I am in love with a photograph by an old Hungarian photographer named Gyula Halász, or Brassaï. He was fascinated with nightlife in Paris in the early 1900s. His photos from that collection, all published in a book called Paris by Night, depicted people in brothels, cafes and other low-life-type establishments. He photographed the "unspeakables."

Brassaï was a photographer in the surrealism movement, but that doesn’t mean he was a surrealist photographer. In his Paris photos he captured the dirty streets and the side of Paris most people weren’t aware of. Most couldn’t believe the reality of brothels and alley life, so they started to group Brassaï’s work with the surrealists. Indeed, his nude photographs have an element of surrealism, but Paris by night, on the surface, depicts reality.

What I love about the photograph, called “Lovers in a Small Café, near the Place d’Italie,” are the levels of reality Brassaï brought to it. In my interpretation, he uses the mirrors in the background to divide one reality into the separate realities of the individuals. While the couple enjoys each other’s company in the foreground, the mirrors split them up into their separate lives. You can’t tell whom the individuals are with, but both the male and the female faces look defiant. I imagine them both longing to be with someone else or to be more independent. Brassaï used mirrors in several other café and brothel shots, usually concealing the actual face of the subject and only depicting them through their reflection.

Anyway, to get to the point of this rambling. I watched a movie today on Netflix that reminded me a lot of that photograph. In fact, I almost took it to be a video representation of the image.
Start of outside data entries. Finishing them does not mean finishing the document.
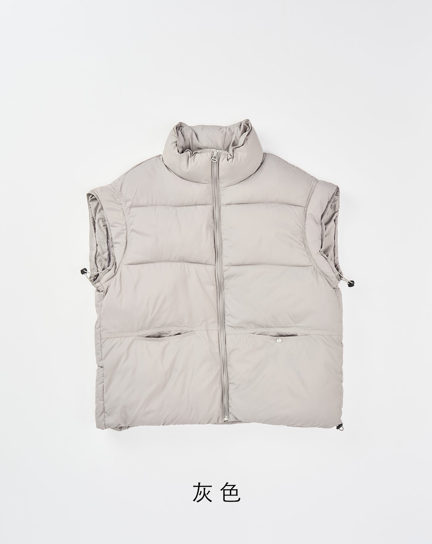 ➤大口袋立體廓型連帽羽絨背心(兩色)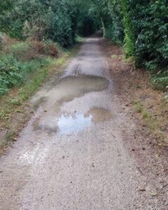 Der Weg am Eisbach war voller Pfützen, auch wenn das von manchem nicht so gesehen wird. Jetzt lässt es sich darauf auch bei Nässe gut fahren und gut laufen.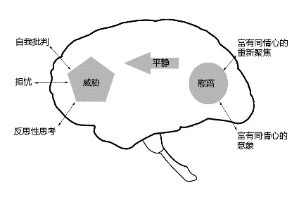 通常的分析、联想、认知技术就会在这里失效。(精神分析技术是咨询师涵容那些内摄的批评、攻击、羞耻,等待来访者重新借助咨询师来体验先前事件/重构记忆/重新体验情绪感受/活化被阻断的身体感受)。对他们来说,共鸣、安全、温暖的感受是很难获得的。慈悲的相关研究认为:共鸣、安全、温暖的情绪感受是和系统、平静感的记录、对平静感作出反应的能力一起发展而成的。CFT推测,这些高度羞耻和自我批评的人,他们是无法理解这些情绪调节系统的,在他们的经验感受和思维中,占主导地位的是“威胁”的情感系统。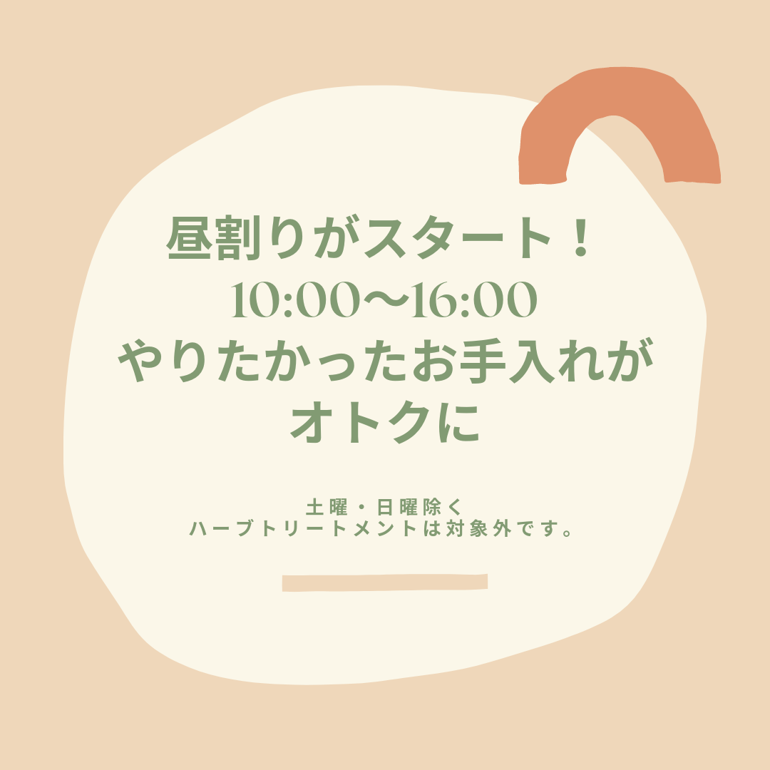 この度、ルイーズ レヴェでは期間限定の企画といたしまして平日の朝10:00~16:00までにご来店ただいたお客様にとってもオトクな昼割を始めました!!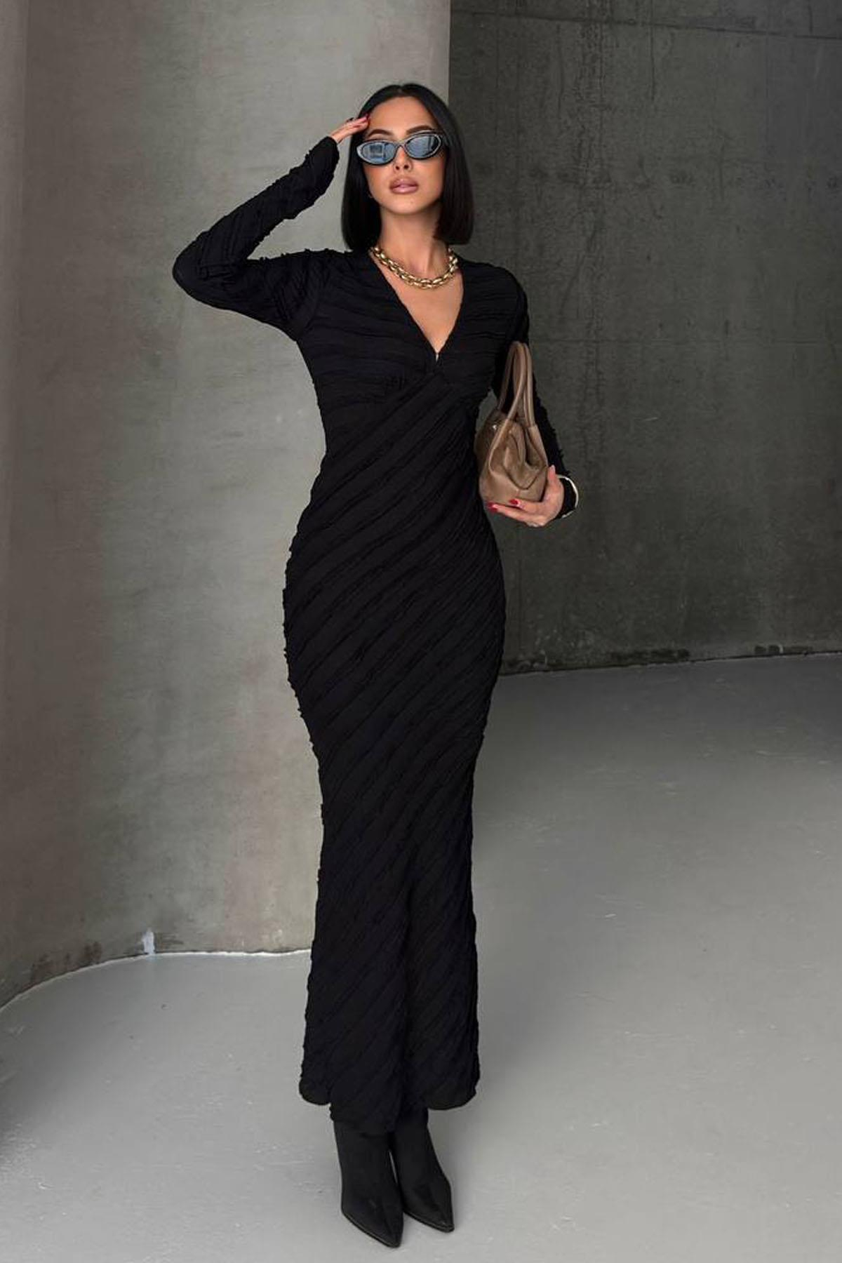 Kadın V Yaka Fırfırlı Elbise SIYAH (CD-1225.SİYAH.S-8616)

It's called "Conversations with Other Women" (photo courtesy of IMDB). Honestly, I only queued it up on Netflix because it starred Aaron Eckhart and Helena Bonham Carter. I had no idea how the movie was laid out, and that turned out to be the best part. The movie starts off as one screen video, but as soon as the couple meets, it is divided into a split screen. It stays that way for the rest of the film (except the end, but that was expected). The split screen normally depicted the same scene of the movie, only one camera was focusing on Eckhart and the other on Carter. There were moments where the screens would hiccup and show a somewhat alternate reality of one of the two.
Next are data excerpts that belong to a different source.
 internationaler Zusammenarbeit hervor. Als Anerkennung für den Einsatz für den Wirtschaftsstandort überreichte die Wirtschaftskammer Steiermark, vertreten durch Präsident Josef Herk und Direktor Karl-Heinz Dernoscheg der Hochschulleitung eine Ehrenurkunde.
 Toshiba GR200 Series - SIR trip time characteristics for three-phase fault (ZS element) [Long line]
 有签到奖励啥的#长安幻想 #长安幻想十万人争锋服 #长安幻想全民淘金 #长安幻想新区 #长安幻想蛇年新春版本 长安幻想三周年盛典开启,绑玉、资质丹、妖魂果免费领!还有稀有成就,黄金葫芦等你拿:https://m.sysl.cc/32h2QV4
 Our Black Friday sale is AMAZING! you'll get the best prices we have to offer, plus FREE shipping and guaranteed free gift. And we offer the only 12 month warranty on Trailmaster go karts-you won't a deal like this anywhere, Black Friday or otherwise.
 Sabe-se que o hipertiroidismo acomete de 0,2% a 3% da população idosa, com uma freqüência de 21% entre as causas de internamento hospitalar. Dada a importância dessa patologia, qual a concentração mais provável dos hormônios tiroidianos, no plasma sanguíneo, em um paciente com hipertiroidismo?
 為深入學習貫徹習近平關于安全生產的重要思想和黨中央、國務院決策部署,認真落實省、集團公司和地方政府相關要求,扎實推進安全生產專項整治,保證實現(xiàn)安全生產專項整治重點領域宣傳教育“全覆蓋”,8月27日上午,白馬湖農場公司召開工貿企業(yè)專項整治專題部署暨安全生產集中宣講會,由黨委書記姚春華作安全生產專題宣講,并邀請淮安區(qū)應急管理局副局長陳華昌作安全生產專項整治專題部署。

The story itself is about two people that meet at a wedding and seem to hit it off, but then the viewer realizes that these people had already met years ago and are somehow trying to rekindle their past in this one night. I don't want to ruin the movie because I highly recommend it, so I will just leave it to you to see it.

Regardless, the correlation between my interpretation of the photograph and the cinematography in the film echo each other almost exactly. So much, in fact, that I felt compelled to write this blog.

1 comment:

  1. Lyndsey,

    Check out the photographs of Man Ray. A french photographer from about the same time. He mostly did studies, but his style congruent with this and you may be interested.